Interviewers attempted to interview all households that originally resided in the 159 EAs and were successfully interviewed in the previous visit in 2016. This includes households that had moved away from their original location in 2010. In all, interviewers attempted to interview 1,507 households from the original panel sample. The combined sample of refresh and long panel EAs consisted of 519 EAs. The total number of households that were successfully interviewed in both visits was 4,976.
While the combined sample generally maintains both national and Zonal representativeness of the original GHS-Panel sample, the security situation in the North East of Nigeria prevented full coverage of the Zone. Due to security concerns, rural areas of Borno state were fully excluded from the refresh sample and some inaccessible urban areas were also excluded. Security concerns also prevented interviewers from visiting some communities in other parts of the country where conflict events were occurring. Refresh EAs that could not be accessed were replaced with another randomly selected EA in the Zone so as not to compromise the sample size. As a result, the combined sample is representative of areas of Nigeria that were accessible during 2018/19. The sample will not reflect conditions in areas that were undergoing conflict during that period. This compromise was necessary to ensure the safety of interviewers.
Computer Assisted Personal Interview [capi]
CAPI: For the first time in GHS-Panel, the Wave four exercise was conducted using Computer Assisted Person Interview (CAPI) techniques. All the questionnaires, household, agriculture and community questionnaires were implemented in both the post-planting and post-harvest visits of Wave 4 using the CAPI software, Survey Solutions. The Survey Solutions software was developed and maintained by the Survey Unit within the Development Economics Data Group (DECDG) at the World Bank. Each enumerator was given tablets which they used to conduct the interviews. Overall, implementation of survey using Survey Solutions CAPI was highly successful, as it allowed for timely availability of the data from completed interviews. DATA COMMUNICATION SYSTEM: The data communication system used in Wave 4 was highly automated. Each field team was given a mobile modem allow for internet connectivity and daily synchronization of their tablet. This ensured that head office in Abuja has access to the data in real-time. Once the interview is completed and uploaded to the server, the data is first reviewed by the Data Editors.

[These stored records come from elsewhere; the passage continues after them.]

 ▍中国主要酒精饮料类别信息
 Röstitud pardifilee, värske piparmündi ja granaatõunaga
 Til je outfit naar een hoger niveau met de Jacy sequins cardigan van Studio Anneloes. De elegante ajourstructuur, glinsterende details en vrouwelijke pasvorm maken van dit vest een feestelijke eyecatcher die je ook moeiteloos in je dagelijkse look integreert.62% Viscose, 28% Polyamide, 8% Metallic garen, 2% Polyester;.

The data is also downloaded from the server, and Stata dofile was run on the downloaded data to check for additional errors that were not captured by the Survey Solutions application. An excel error file is generated following the running of the Stata dofile on the raw dataset. Information contained in the excel error files are communicated back to respective field interviewers for action by the interviewers. This action is done on a daily basis throughout the duration of the survey, both in the post-planting and post-harvest. DATA CLEANING: The data cleaning process was done in three main stages. The first stage was to ensure proper quality control during the fieldwork. This was achieved in part by incorporating validation and consistency checks into the Survey Solutions application used for the data collection and designed to highlight many of the errors that occurred during the fieldwork. The second stage cleaning involved the use of Data Editors and Data Assistants (Headquarters in Survey Solutions). As indicated above, once the interview is completed and uploaded to the server, the Data Editors review completed interview for inconsistencies and extreme values. Depending on the outcome, they can either approve or reject the case. If rejected, the case goes back to the respective interviewer's tablet upon synchronization. Special care was taken to see that the households included in the data matched with the selected sample and where there were differences, these were properly assessed and documented.

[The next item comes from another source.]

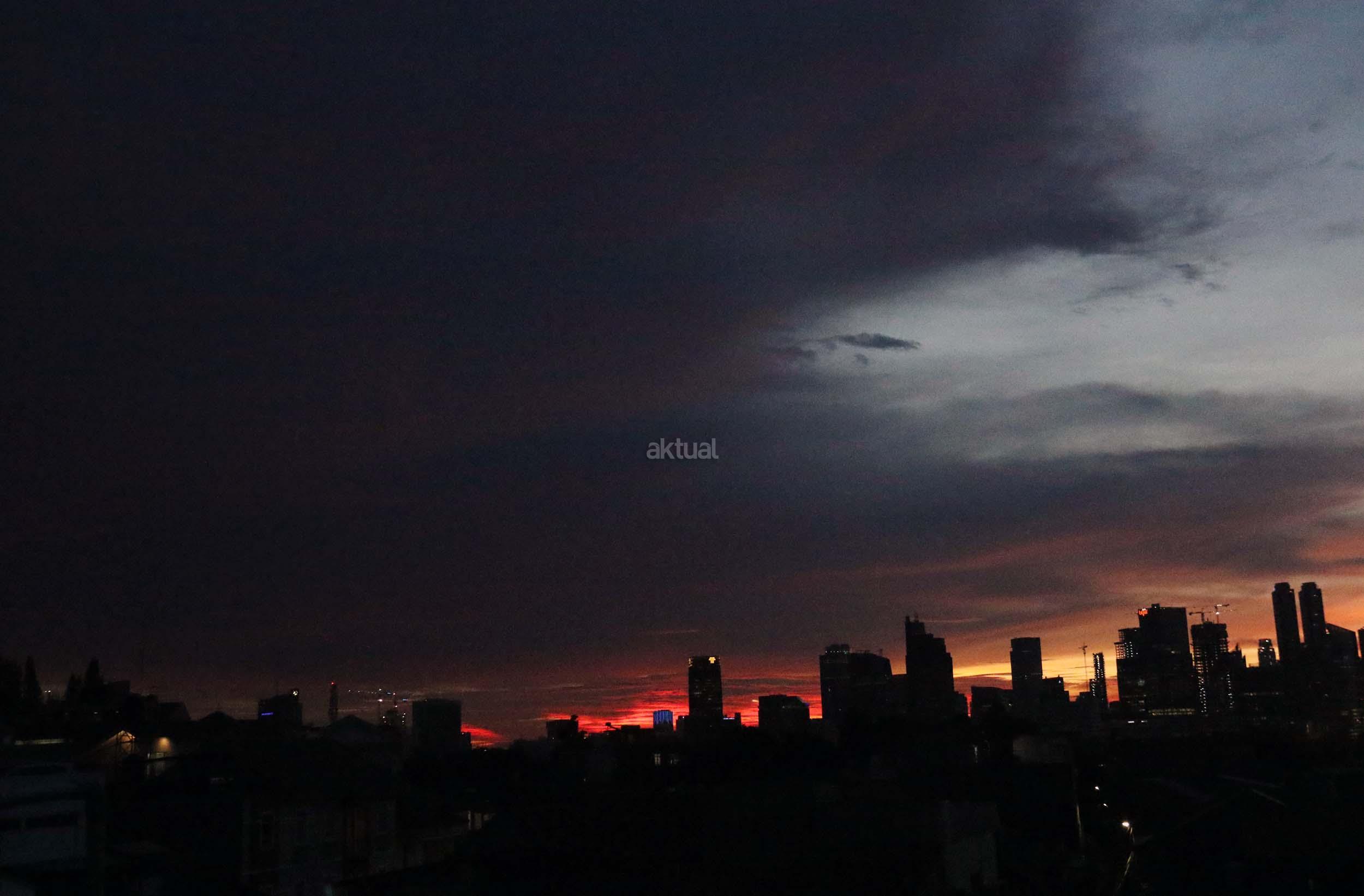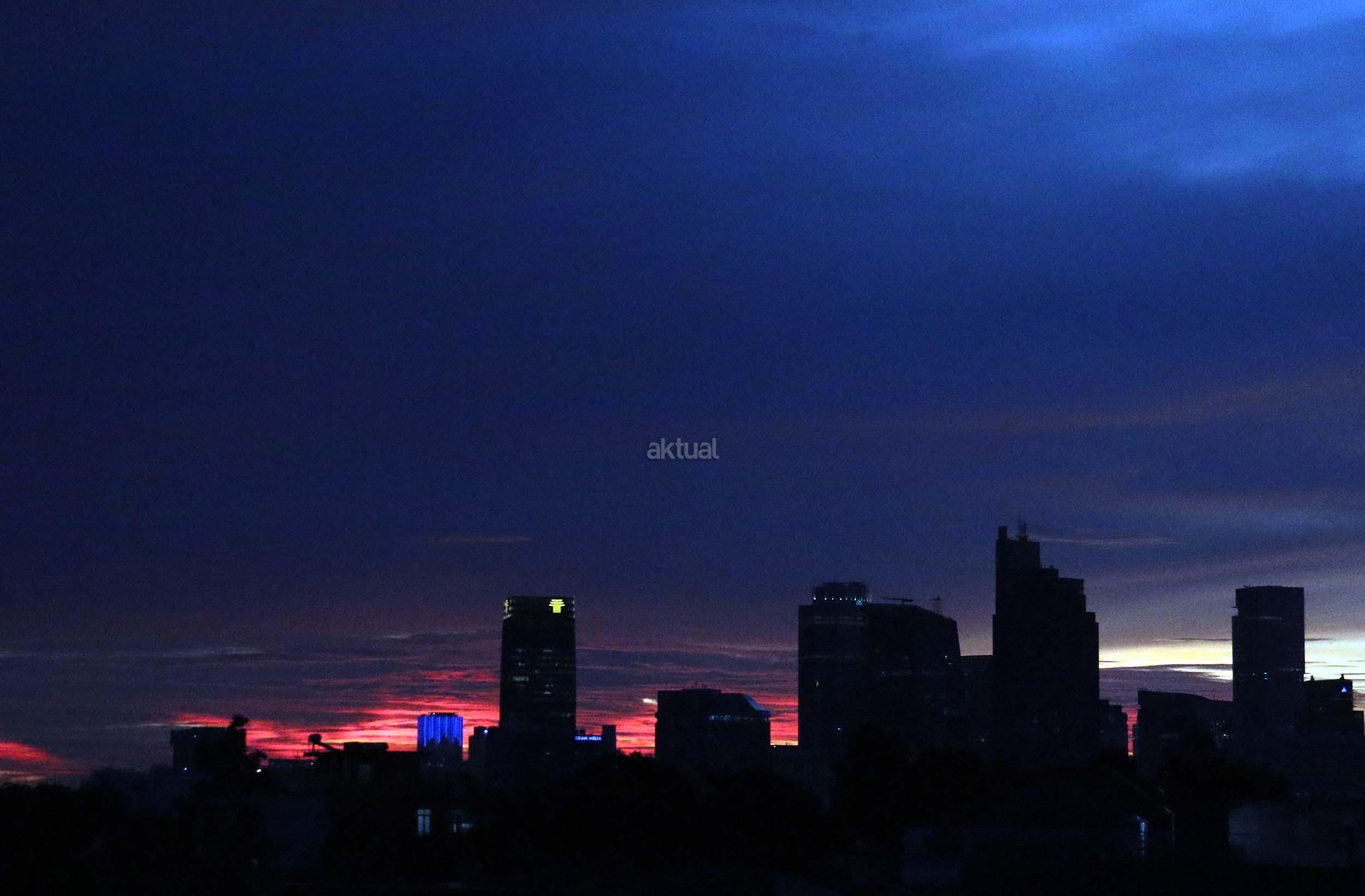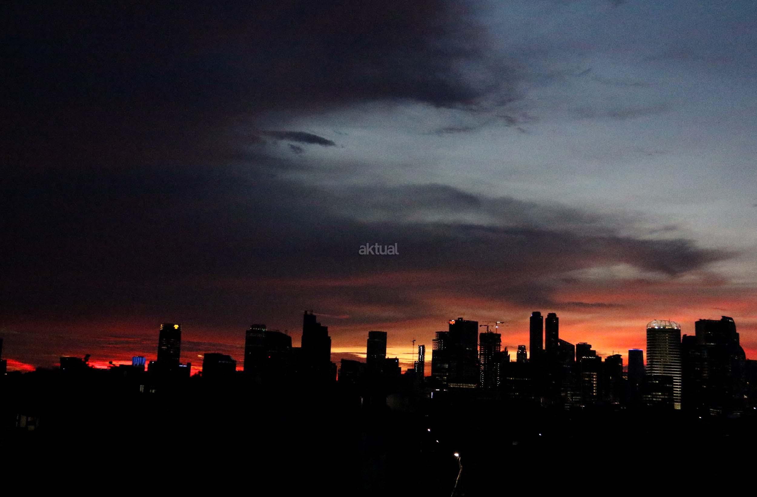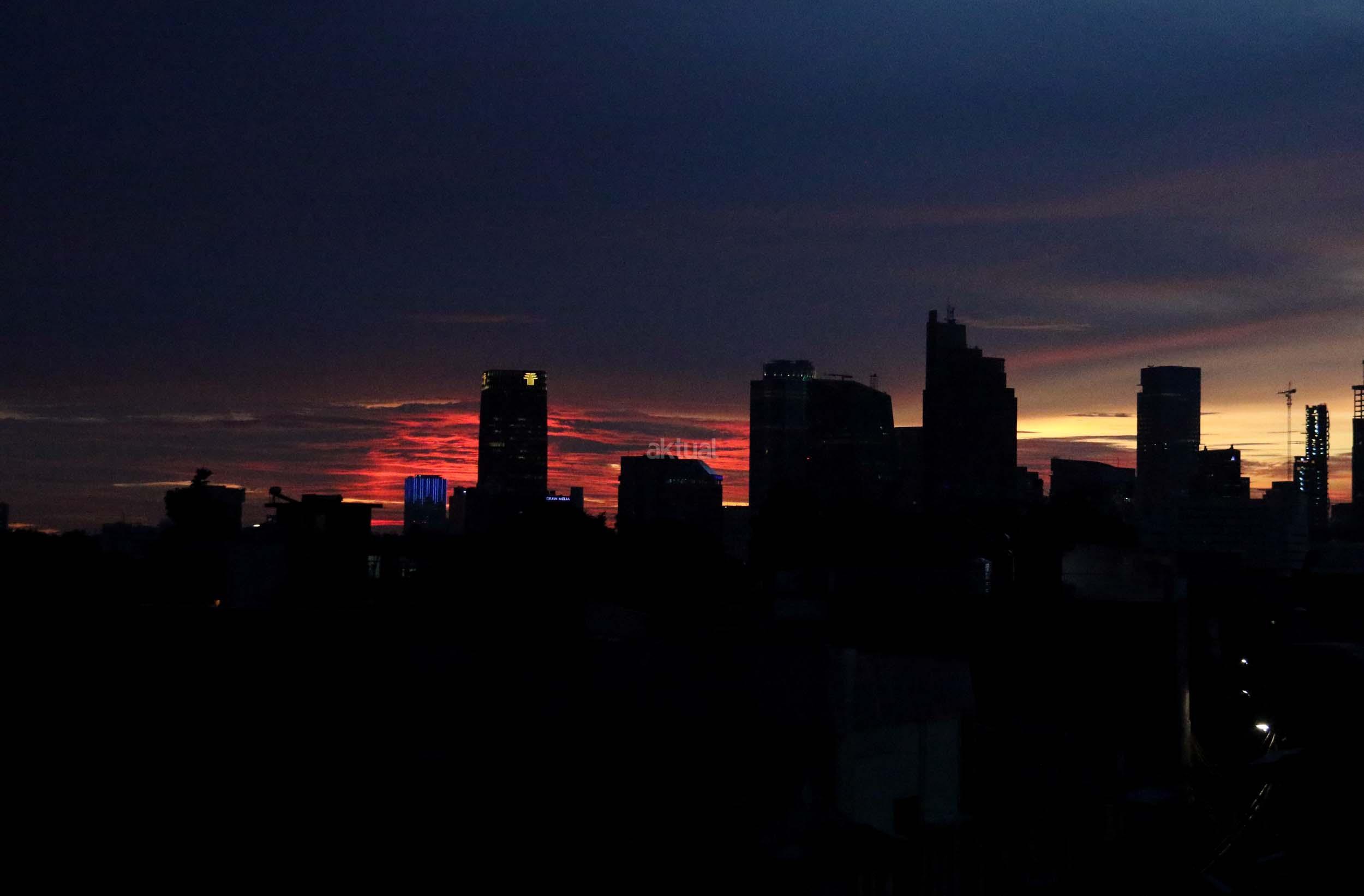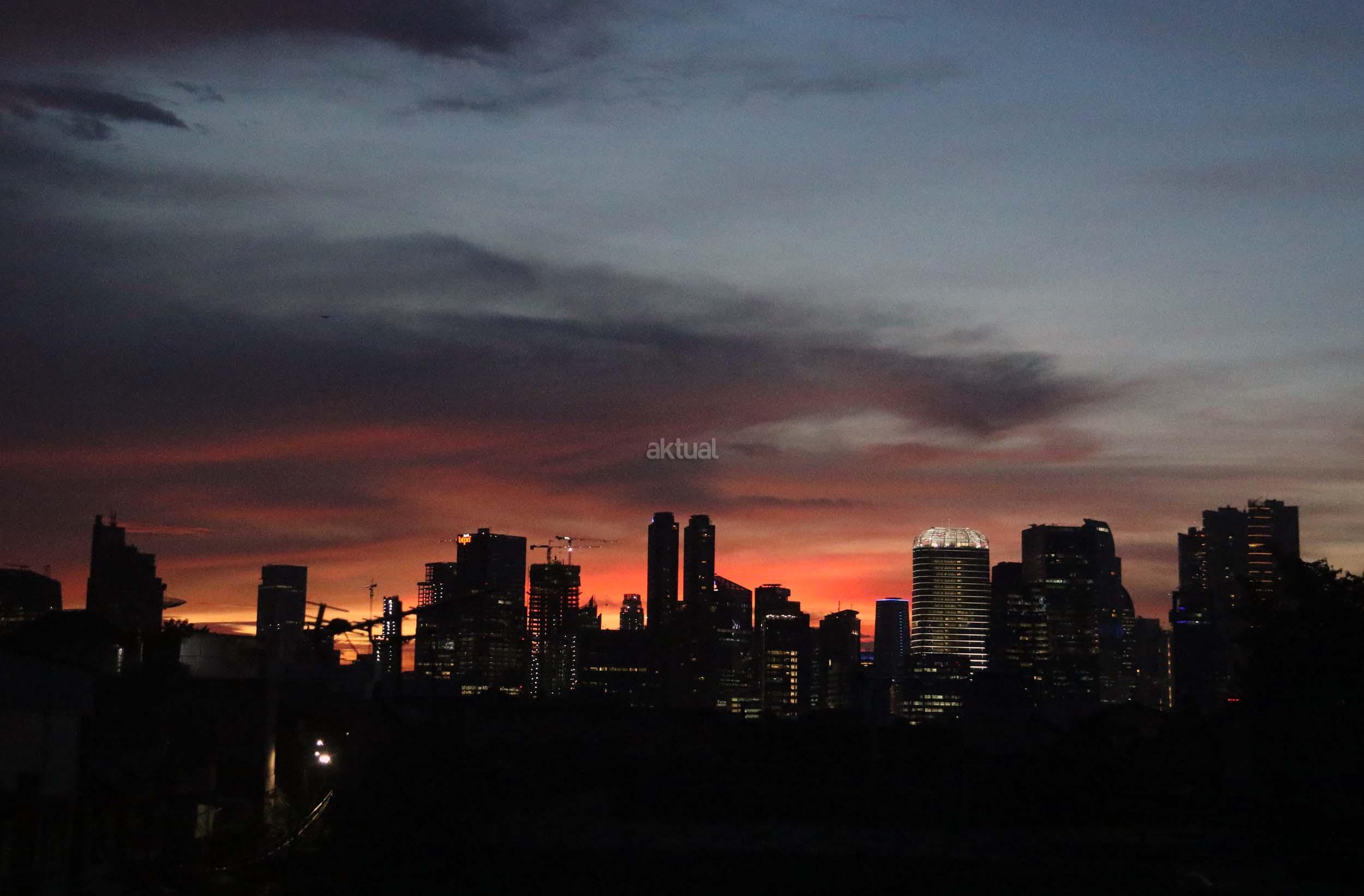 Suasana indahnya matahari tenggelam diantara gedung-gedung pencakar langit menghiasi langit Jakarta seperti yang terlihat di atas salah satu gedung di Jakarta, Jumat (20/1/2017). Matahari tenggelam jarang sekali terlihat di langit kota Jakarta yang setiap harinya selalu diselimuti oleh langit yang pekat dari asap polusi. AKTUAL/Munzir

The agriculture data were also checked to ensure that the plots identified in the main sections merged with the plot information identified in the other sections. Additional errors observed were compiled into error reports that were regularly sent to the teams. These errors were then corrected based on re-visits to the household on the instruction of the supervisor. The data that had gone through this first stage of cleaning was then approved by the Data Editor. After the Data Editor's approval of the interview on Survey Solutions server, the Headquarters also reviews and depending on the outcome, can either reject or approve. The third stage of cleaning involved a comprehensive review of the final raw data following the first and second stage cleaning. Every variable was examined individually for (1) consistency with other sections and variables, (2) out of range responses, and (3) outliers. However, special care was taken to avoid making strong assumptions when resolving potential errors. Some minor errors remain in the data where the diagnosis and/or solution were unclear to the data cleaning team.

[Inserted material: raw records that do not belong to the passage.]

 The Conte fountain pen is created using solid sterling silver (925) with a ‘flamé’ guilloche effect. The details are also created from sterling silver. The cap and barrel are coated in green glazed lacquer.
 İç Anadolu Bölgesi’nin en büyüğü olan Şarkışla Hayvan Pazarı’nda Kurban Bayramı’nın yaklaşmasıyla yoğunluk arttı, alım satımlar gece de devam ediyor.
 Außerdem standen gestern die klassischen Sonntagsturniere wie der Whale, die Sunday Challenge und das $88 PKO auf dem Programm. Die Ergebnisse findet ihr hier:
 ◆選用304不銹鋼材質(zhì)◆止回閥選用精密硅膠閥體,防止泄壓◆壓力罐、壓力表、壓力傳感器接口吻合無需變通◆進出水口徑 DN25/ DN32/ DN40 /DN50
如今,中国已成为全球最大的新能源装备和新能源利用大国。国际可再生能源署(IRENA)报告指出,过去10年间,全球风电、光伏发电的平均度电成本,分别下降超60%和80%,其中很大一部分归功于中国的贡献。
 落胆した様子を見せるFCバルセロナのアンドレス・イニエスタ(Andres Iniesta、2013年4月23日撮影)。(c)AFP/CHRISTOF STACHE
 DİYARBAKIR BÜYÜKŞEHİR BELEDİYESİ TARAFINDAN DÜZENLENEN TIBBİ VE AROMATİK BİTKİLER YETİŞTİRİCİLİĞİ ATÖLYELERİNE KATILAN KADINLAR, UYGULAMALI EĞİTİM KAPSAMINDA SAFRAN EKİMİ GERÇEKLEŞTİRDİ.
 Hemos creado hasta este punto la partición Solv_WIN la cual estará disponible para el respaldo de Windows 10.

The Integrated Household Survey is one of the primary instruments implemented by the Government of Malawi through the National Statistical Office (NSO) roughly every 3-5 years to monitor and evaluate the changing conditions of Malawian households. The IHS data have, among other insights, provided benchmark poverty and vulnerability indicators to foster evidence-based policy formulation and monitor the progress of meeting the Millennium Development Goals (MDGs), the goals listed as part of the Malawi Growth and Development Strategy (MGDS) and now the Sustainable Development Goals (SDGs).
National coverage
Members of the following households are not eligible for inclusion in the survey: • All people who live outside the selected EAs, whether in urban or rural areas. • All residents of dwellings other than private dwellings, such as prisons, hospitals and army barracks. • Members of the Malawian armed forces who reside within a military base. (If such individuals reside in private dwellings off the base, however, they should be included among the households eligible for random selection for the survey.) • Non-Malawian diplomats, diplomatic staff, and members of their households. (However, note that non-Malawian residents who are not diplomats or diplomatic staff and are resident in private dwellings are eligible for inclusion in the survey. The survey is not restricted to Malawian citizens alone.) • Non-Malawian tourists and others on vacation in Malawi.
Sample survey data [ssd]
The IHS5 sampling frame is based on the listing information and cartography from the 2018 Malawi Population and Housing Census (PHC); includes the three major regions of Malawi, namely North, Center and South; and is stratified into rural and urban strata. The urban strata include the four major urban areas: Lilongwe City, Blantyre City, Mzuzu City, and the Municipality of Zomba. All other areas are considered as rural areas, and each of the 27 districts were considered as a separate sub-stratum as part of the main rural stratum. The sampling frame further excludes the population living in institutions, such as hospitals, prisons and military barracks. Hence, the IHS5 strata are composed of 32 districts in Malawi.
A stratified two-stage sample design was used for the IHS5.
Note: Detailed sample design information is presented in the "Fifth Integrated Household Survey 2019-2020, Basic Information Document" document.
Computer Assisted Personal Interview [capi]
HOUSEHOLD QUESTIONNAIRE The Household Questionnaire is a multi-topic survey instrument and is near-identical to the content and organization of the IHS3 and IHS4 questionnaires. It encompasses economic activities, demographics, welfare and other sectoral information of households. It covers a wide range of topics, dealing with the dynamics of poverty (consumption, cash and non-cash income, savings, assets, food security, health and education, vulnerability and social protection). Although the IHS5 household questionnaire covers a wide variety of topics in detail it intentionally excludes in-depth information on topics covered in other surveys that are part of the NSO’s statistical plan (such as maternal and child health issues covered at length in the Malawi Demographic and Health Survey).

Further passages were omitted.